Konserin solisti ise Sırp piyanist Tamara Stefanoviç'ti (d. 1973). Almanya'da yaşayan bestecimiz Zeynep Gedizlioğlu'nun piyano konçertosunun da dünya prömiyerini yapmış olan, olgunluk dönemindeki piyanist, W. A. Mozart'ın son dönem veriminden 27 No'lu Do minör piyano konçertosunu seslendirdi. Tanınmış solistler senfoni orkestralarıyla konçertoları genellikle bellekten çalarlar. Stefanoviç ise bir tablet kullandı ve klavyenin yanısıra ekrana da dokunarak sayfa çevirdi. Temiz bir seslendirme oldu. Piyanist kadar, orkestranın tahta üflemelileri, iyi seslendirmenin aktörleri oldular.
Dinleyiciden gelen büyük alkışa karşı, bis olarak Fransız besteci Debussy'den bir etüd çalarak sahneden ayrıldı.
Sonuçta bu konserde büyük alkış, bakır ve üflemeli çalgı solocu ve gruplarına...

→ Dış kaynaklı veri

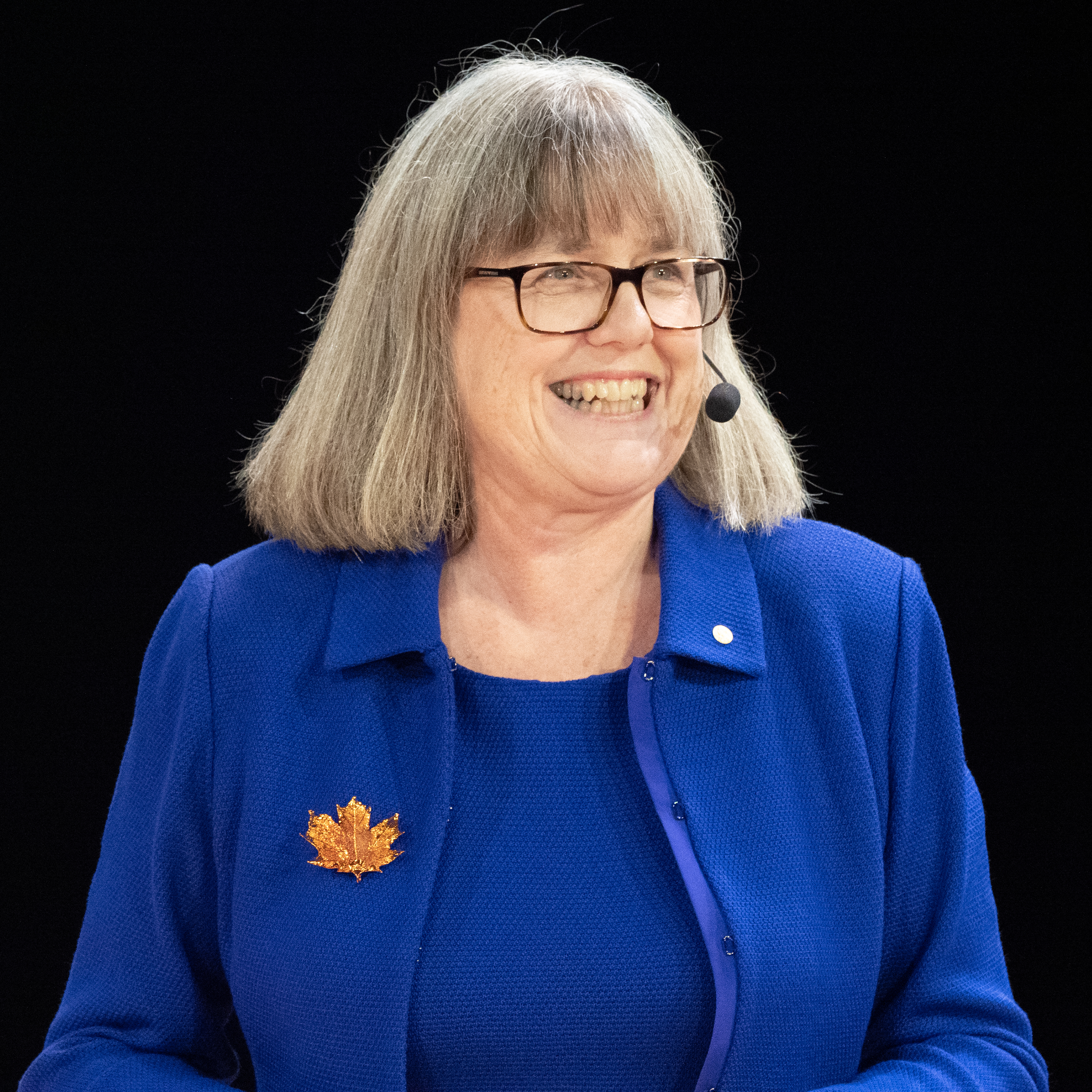 Nobel Laureates in Physics 2018, Stockholm, Sweden, December 2018

Bir de fuaye notu: BSO'nun halkla ilişkiler ve tanıtım sorumlusu, aynı zamanda el işi sanatlarıyla uğraşan Yelda Cavga'nın “Monsters/ Canavarlar” başlıklı bez bebek sergisi parter fuayede yer alıyor.
Cavga'nın bez bebeklerinden oluşan canavarların herbirinin farklı estrümanlar çalıyorlar. Kimileri panolarda asılı, kimileri standlara yerleştirilmiş vaziyette sergileniyor.